There are two constructors which allow a memory load, and two related member functions:

simd::simd(contiguous_iterator, flags)

simd::simd(contiguous_iterator, mask, flags)

simd::copy_from(contiguous_iterator, flags)

simd::copy_from(contiguous_iterator, mask, flags)

We will only discuss the unmasked constructor in this proposal since the other forms can be readily derived from it. There is one exception which we note in its own section below.

The issue with these memory load constructors and members is that they lack memory safety. They will attempt to load a block of memory into a simd value without checking the legality of reading from that memory region, potentially allowing access to data which it should not be able to use, or generating a hardware exception (e.g,. page fault). In this section we shall discuss possible ways to improve this behaviour, along with the costs in doing so.
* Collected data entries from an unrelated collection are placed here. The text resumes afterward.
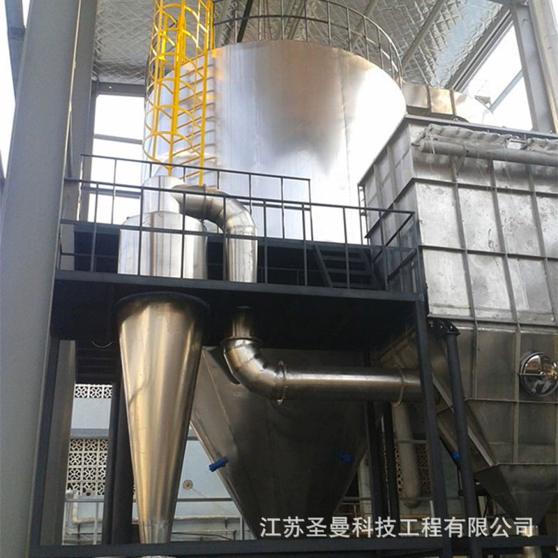 通过设计的空气分配圈和热风分配器,使干燥塔内腔壁附近以及内腔中形成两层逆向旋转存在温度差的螺旋风层,使原材料从高速离心雾化喷头喷出后能与内腔中的热风完成干燥,且对内腔壁进行低温处理,使成品颗粒靠近内腔壁时受到较低温螺旋风层的阻碍,避免其发生过热熔化或离心撞击而黏附在内腔壁上的情况。
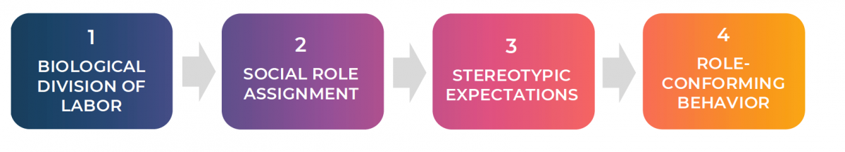 To discuss the impact of gender stereotypes in negotiations, it is first necessary to understand why men and women seem to behave differently in certain circumstances. For this question, theories from social psychology offer some interesting insights. Social role theory [4] and biosocial role theory [5] suggest that gender differences in behavior can be explained by societal expectations and roles assigned to men and women. Society expects men and woman to act in certain ways, which in turn actually results in them acting accordingly. These expectations stem from earlier division of labor and biological differences (see Figure 1.1; for example, certain activities might have evolutionarily been accomplished more efficiently by one sex over the other [6]). Over time, these observations on labor division evolved into social roles (2; for example, men being ‘breadwinners’ and taking jobs while women being family ‘caretakers’). These social roles then eventually turned into gender stereotypic expectations (3; for example, men being seen as powerful and women being expected to be nurturing [7]). Social role theory further suggests that people follow these role expectations because they get rewarded for acting according to them and get criticized if they do not. Put differently, people try to engage in role-conforming behavior (4; for example, men trying to behave more dominantly than women). This process illustrates how stereotypes can emerge historically and ultimately lead to different role-conforming behaviors in men and women
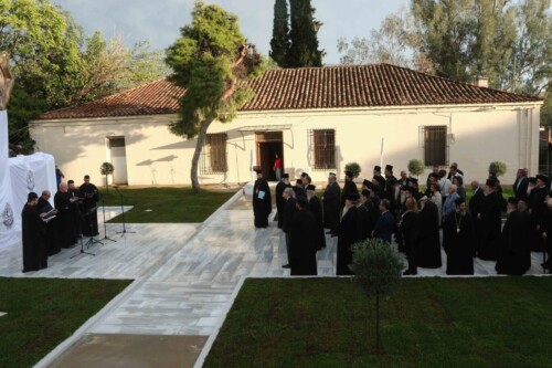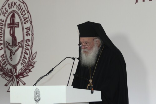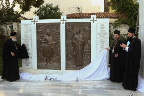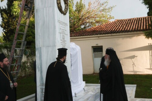 Ο Μακαριώτατος Αρχιεπίσκοπος Αθηνών και πάσης Ελλάδος κ. Ιερώνυμος χαιρέτισε την εκδήλωση, αναφέροντας μεταξύ άλλων ότι «εγκαινιάζουμε απόψε το Μνημείο Νεομαρτύρων του Έθνους σε αυτόν τον πρόσφατα ανακαινισμένο ιστορικό εκκλησιαστικό χώρο. Με τη σεμνή αυτή τελετή και το λαμπρό αυτό Μνημείο θέλουμε να τιμήσουμε και να προβάλουμε ως πρότυπα ζωής τις μορφές των Νεομαρτύρων της Εκκλησίας και του Έθνους. Μορφές ηρωικές, που ακτινοβολώντας το φως του Χριστού, τη δύναμη και την τόλμη της θυσιαζομένης αγάπης, τη φιλοπατρία και τα ιδανικά που εξανθρωπίζουν τον άνθρωπο, συνέβαλαν τα μέγιστα στη διάσωση του Γένους μας, παρά την υποδούλωσή του επί αιώνες στους εξ ανατολών κατακτητές.

The constructors are not the only place in simd which needs to take care of memory safety. The gather_from and scatter_to functions described in [P2664R6] also suffered from similar access issues, but they have been updated to avoid these issues by replacing single iterators with ranges, and using runtime-checks. However, gather and scatter instructions are relatively rare compared to normal loads, and are expensive instructions anyway, so the cost of adding runtime checks to them has negligible cost. In contrast, a plain memory load is a work-horse instruction, frequently used, and much more sensitive to the imposition of the costs of runtime checks, so we have to be more careful in what we propose for them.

NOTE: copy_from and copy_to could be free-functions, rather than ctors or members. This could be discussed in a more general paper.

NOTE: simd_mask::simd_mask(Iterator), simd_mask::simd_mask(Iterator, Mask), simd_mask::copy_from and simd_mask::copy_to seem useless to me. If we store anything in memory use compressed bits.

3. Generic guidelines for safe memory accesses

There is one glaring problem with the basic memory access as it is currently defined in simd, which is that it provides only an iterator to the start of the source:

template<class It, class... Flags>
constexpr basic_simd(It first, simd_flags<Flags...> = {});

The absence of information about the extent of the memory source makes it impossible to determine its correctness. Fundamentally, the fix for this is to provide information about the extent of the source which could be done in a few different ways, such as:

// Use a pair of iterators to mark the limits
constexpr basic_simd(It begin, It end, simd_flags<Flags...> = {});

// Iterator and size
constexpr basic_simd(It begin, size_type count, simd_flags<Flags...> = {});

// Span with fixed size
constexpr basic_simd(span<T, N>, simd_flags<Flags...> = {});

// Range with dynamic size (possibly unbounded)
constexpr basic_simd(Range r, simd_flags<Flags...> = {});

Once we have information about the extent of the memory region then we can add either static compile-time checks, or dynamic run-time checks to use that information to determine correctness and safety. We can then act on that information in a number of ways including throwing an exception on error, defaulting to some safe state, or even choosing to ignore the issue entirely when the programmer knows it is safe to do so or prefers speed over safety.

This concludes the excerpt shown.